Hussein Tawbi, MD, PhD: I definitely agree with you. In the adjuvant setting, we really have to have a much lower threshold for stopping for toxicity, and we have to really think about the impact on patients who are otherwise surgically cured—in terms of the long-lasting toxicities. That’s actually one of the reasons why the discussion around PD-1 versus BRAF is really important. With BRAF-targeted therapy for BRAF-mutant patients, the toxicity rate appears to be higher. Patients develop fevers. And to your point, there are observations, especially in the neoadjuvant setting, that the toxicity rate seems to be higher in patients who don’t have active disease.

In those patients—with dabrafenib/trametinib, for instance—the toxicity rate is higher. But when you stop using the pills, the toxicity goes away, and the patient can move on with his or her life. With anti—PD-1 therapy, the rate of toxicity is a lot lower, but there is definite concern that some of the toxicities are long-lasting. And so, for every patient that we discuss adjuvant therapy with, endocrinopathy is very important.

In melanoma, we have some patient populations who are really young. Fertility is an issue in young females and even in young males. Patients are going to live for the rest of their lives with the potential outcomes of the adjuvant therapy, so I think it’s very important to discuss those issues with those patients. You should consider a much lower threshold to stop therapy and, again, make sure that the patient agrees with proceeding with therapy.

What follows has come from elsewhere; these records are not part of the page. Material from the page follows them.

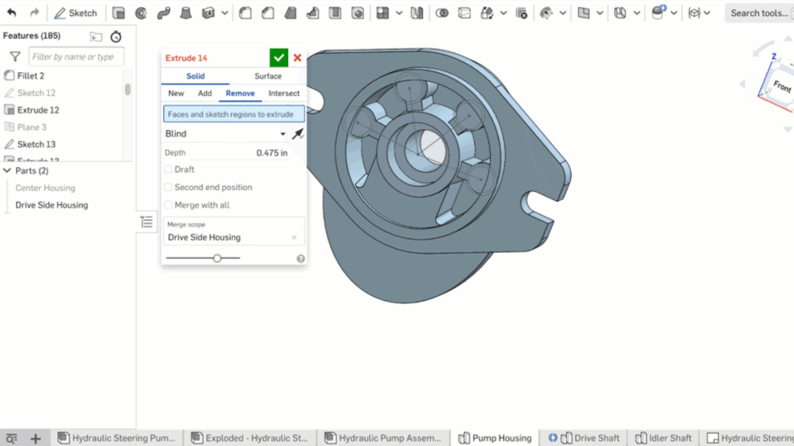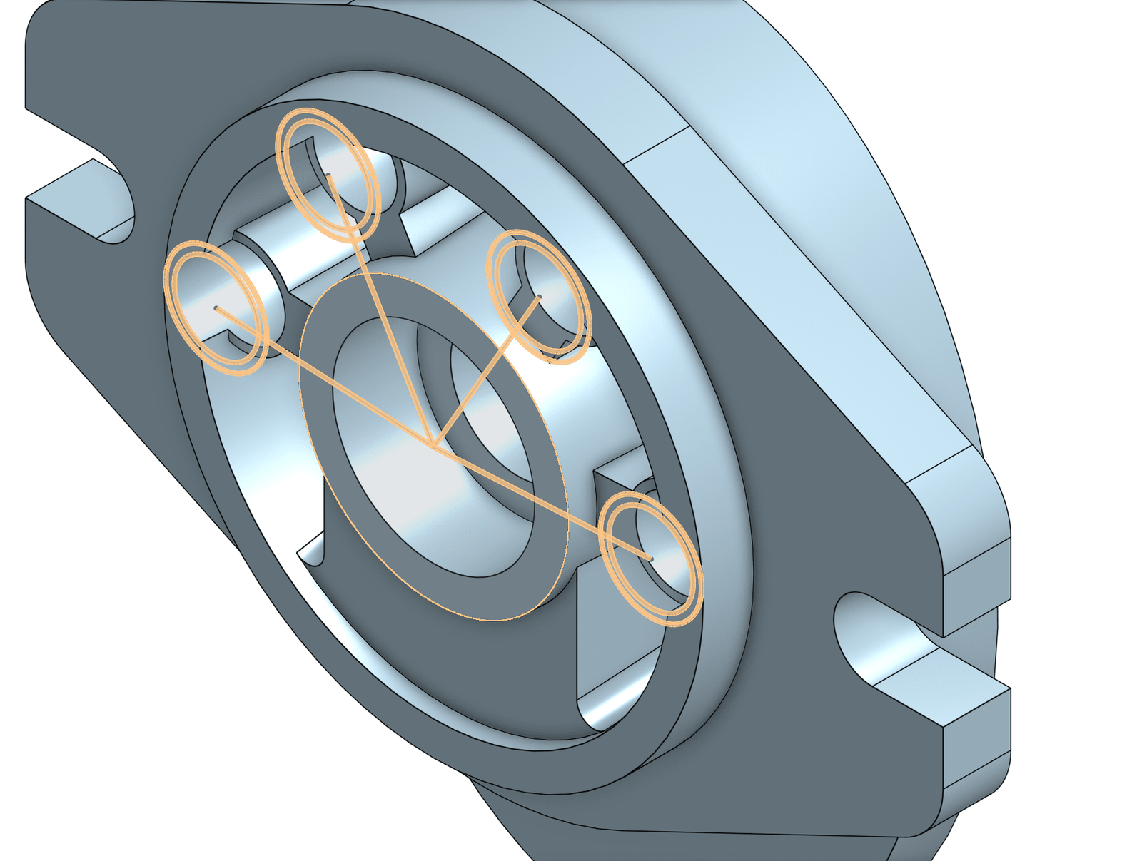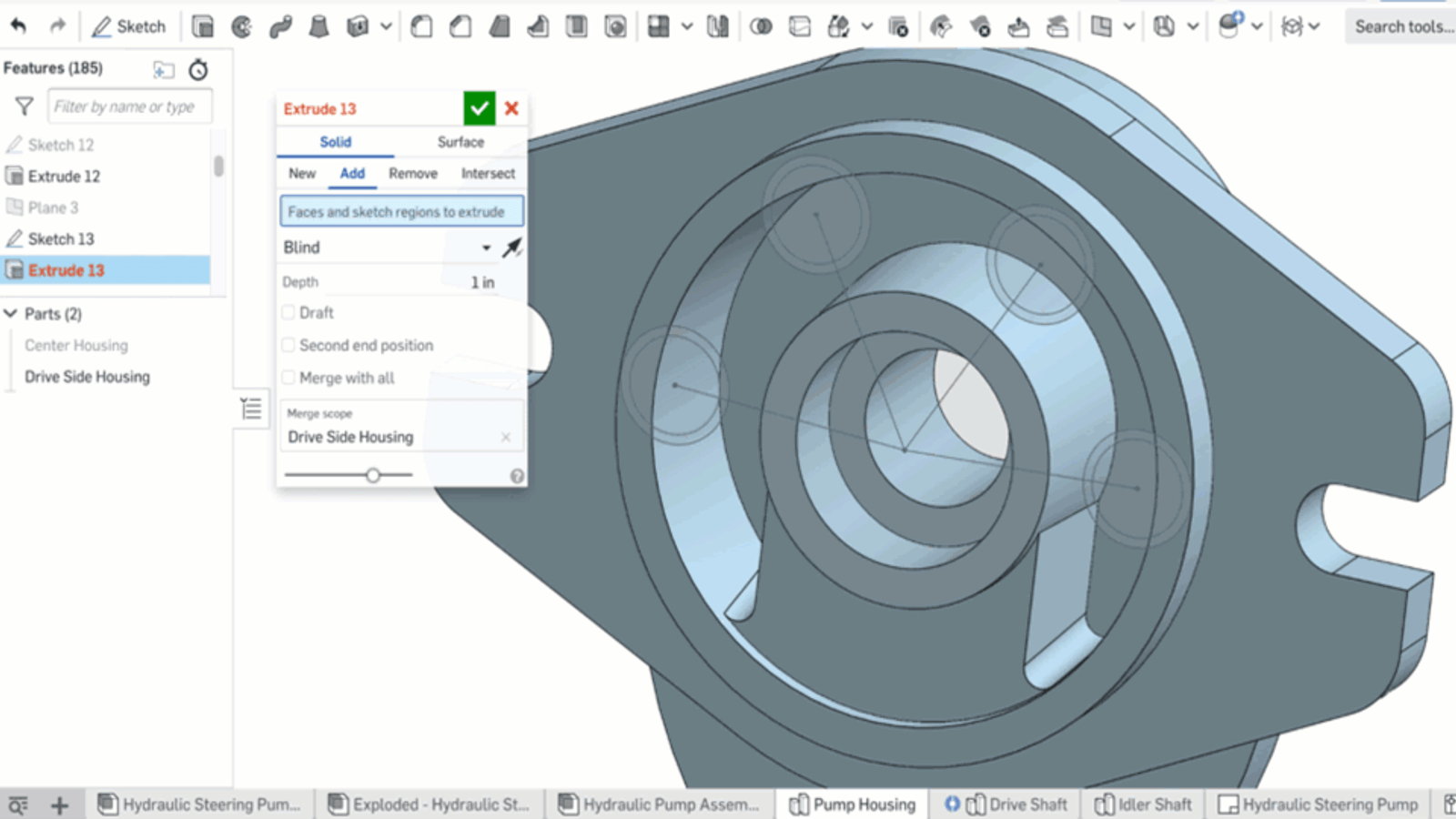In the hydraulic steering pump model below, there is a master sketch to define the bolt circle. The boss needs to be offset from the original sketch, while the hole will be extruded directly from the sketch. Without the ability to offset, you would need to separate them into two different sketches.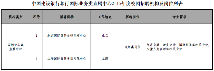(具體招聘機(jī)構(gòu)、崗位及專業(yè)需求詳見附件:中國建設(shè)銀行總行國際業(yè)務(wù)類直屬中心2015年度校園招聘機(jī)構(gòu)及崗位列表)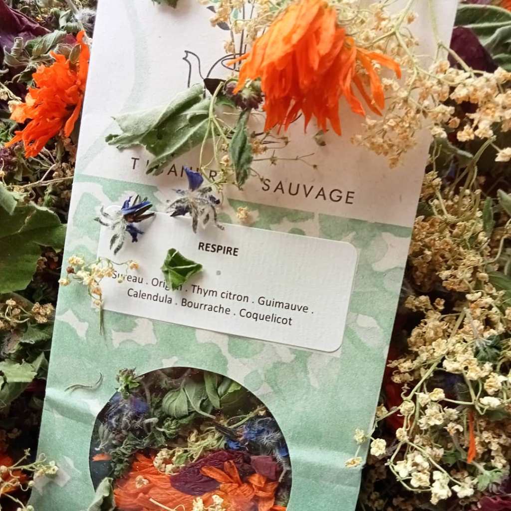 Séverine est tisanière dans la région du Condroz. On dit souvent qu’on mange avec les yeux. Il faudra dorénavant ajouter : On boit aussi avec les yeux ! Séverine aime proposer des tisanes qui soient jolies, colorées, savoureuses et bienfaisantes. Elle compose les mélanges de tisanes en assemblant des plantes qui se rejoignent tant au niveau de leurs vertus que de leur goût. Le champ de la tisanière est situé à Bonsin (dans la commune de Somme-Leuze). Y poussent pas moins de vingts plantes différentes comme la Mauve, l’Agastache, le Thym, la Menthe, le Calendula, le Fenouil, la Mélisse, la Camomille Matricaire, la Verveine Citronnée, la Sauge, le Bleuet, la Bourrache, etc. D’autres plantes sauvages sont aussi cueillies en pleine nature (Ortie, Sureau, Aubépine, Noisetier, Coquelicot, etc.). L’atelier/séchoir à plantes est installé dans le joli village de Chardeneux (Bonsin). Feuilles d’Herbe est un subtil mélange de fleurs, de feuilles et d’herbes, de nature sauvage et de poésie… » Très bonnes dégustations à tous !
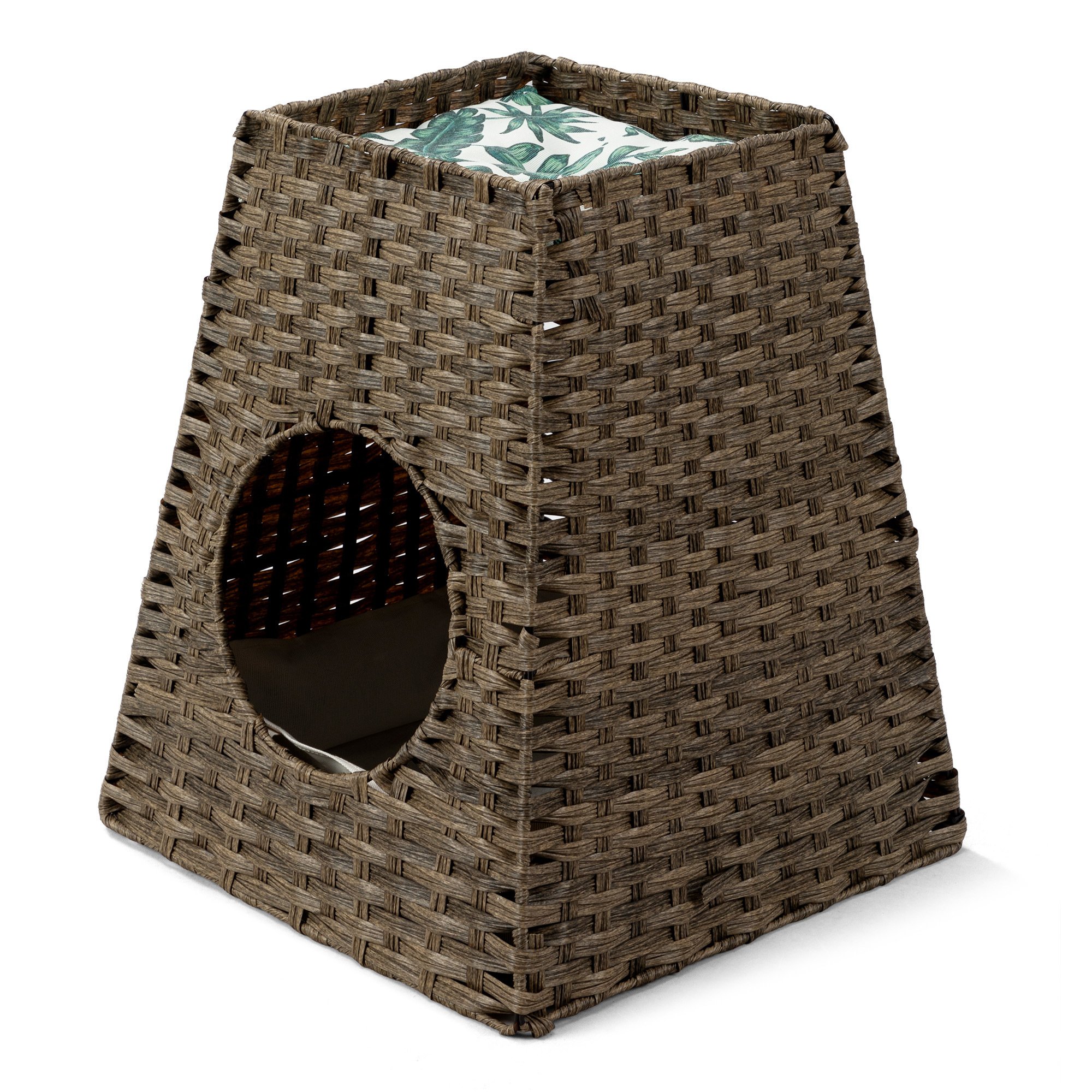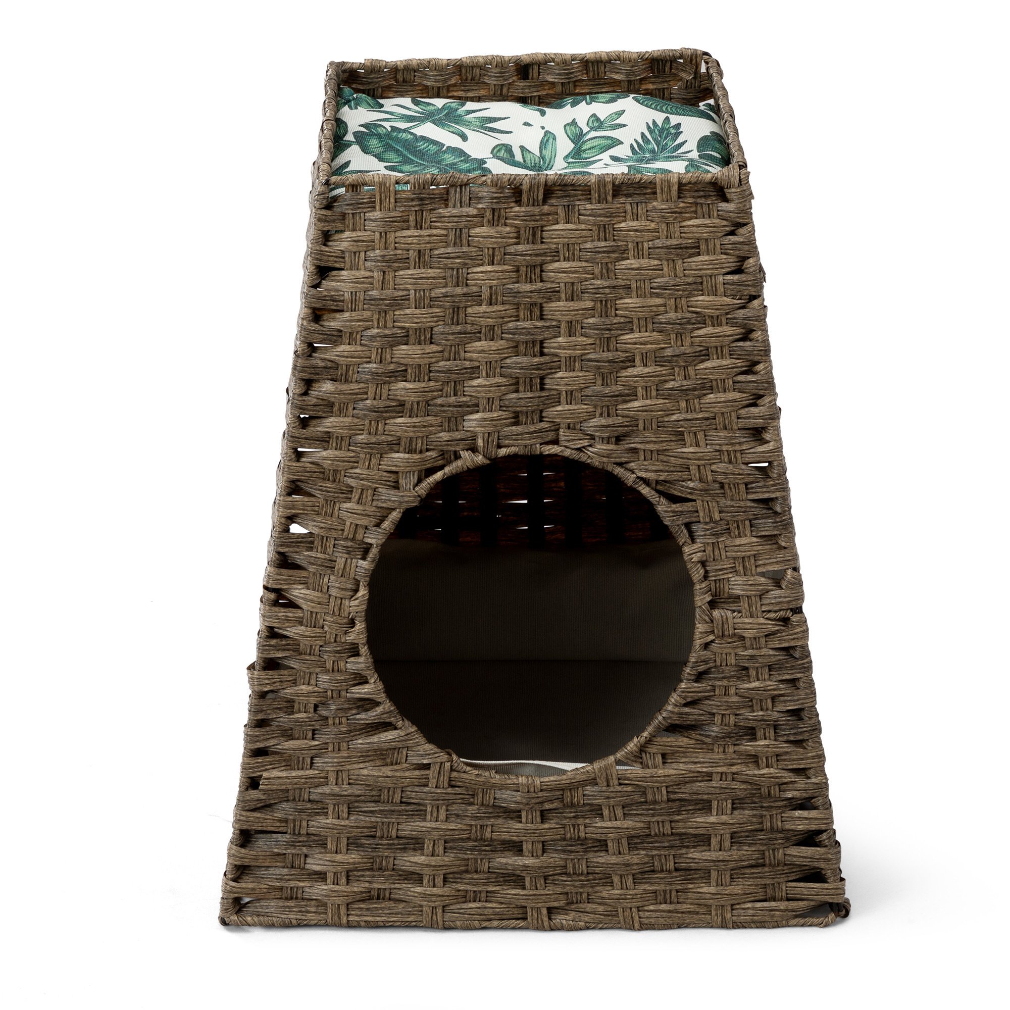 Bullet Points: [Multipurpose Cat Furniture]: This versatile cat litter box enclosure is designed to accommodate a variety of litter boxes, doubling as a nightstand, side table, or discreet storage unit. A soft cotton linen mat and an ample top surface, perfect for placing pet's toys.[Remarkable Stability]: This rattan cat house is easy to move due to its lightweight design and can support the weight of cats up to 9 pounds. Crafted with a robust yet lightweight material, it promises durability and dependability, creating a secure and cozy haven.[Distinctive and Modular Design]:The cat washroom streamlines the cleaning process. For effortless litter disposal, simply detach the litter box's base and outer frame, then grasp the litter bag's handle to conveniently transfer and dispose of any stray litter.[Distinctive Rattan Construction]: This covered rattan cat litter box allows for ample sunlight penetration, creating a cozy spot for your cats. With a considerate ventilation system, it enhances the cleanliness of the enclosed litter area, maintaining an odor-free environment.[Hassle-Free Experience]: This hidden kitty litter furniture can be set up swiftly without the need for any screws; simply unfold it to have it ready for use instantly. This ensures that your kittens can promptly enjoy a tidy and comfortable toilet space. Specifications:Color: Dark BrownMaterial: PE + Iron WireOverall Dimensions: 18.11"L x 18.11"W x 22.05"H Inner Box Size: 16.14"L x 16.14"W x 3.94"HTop Space Dimensions: 11.81"L x 11.81"W x 3.94"HCat Hole Diameter: 9.84"Cotton Linen Cushion Size: 11.81"L x 11.81"WWeight Capacity: 8.82 lbsNet Weight: 4.96 lbs

In general, from the stage 3a perspective, can you extrapolate the data from the 3b, 3c, and 1a to 3a patients? The hazard ratios are impressive enough that it’s not much of a stretch to say that the biology seems pretty consistent across all of these subgroups. Patients are expected to respond in a similar manner.

Robert Andtbacka, MD, CM: From a surgical perspective, this is a discussion that I initially have with patients when they come in, before we involve our medical oncologists, because they now have a positive sentinel lymph node and are classified as a stage 3a patient. We know that with targeted therapy with dabrafenib and trametinib, if we look at that and reanalyze this according to the AJCC Eighth Edition Melanoma Staging System, we have the true new stage 3a patients, and the hazard ratio is maintained there. This is quite impressive.

I think we have to recognize that the stage 3a patients who were a part of these studies still had a fair amount of tumor. Overall, in the United States, they actually represent the minority of patients. The majority of patients that we see in the United States have less disease in their sentinel lymph nodes. We haven’t really studied that, so we don’t really know the true impact in those patients. So, I think that there are still more things that we need to do.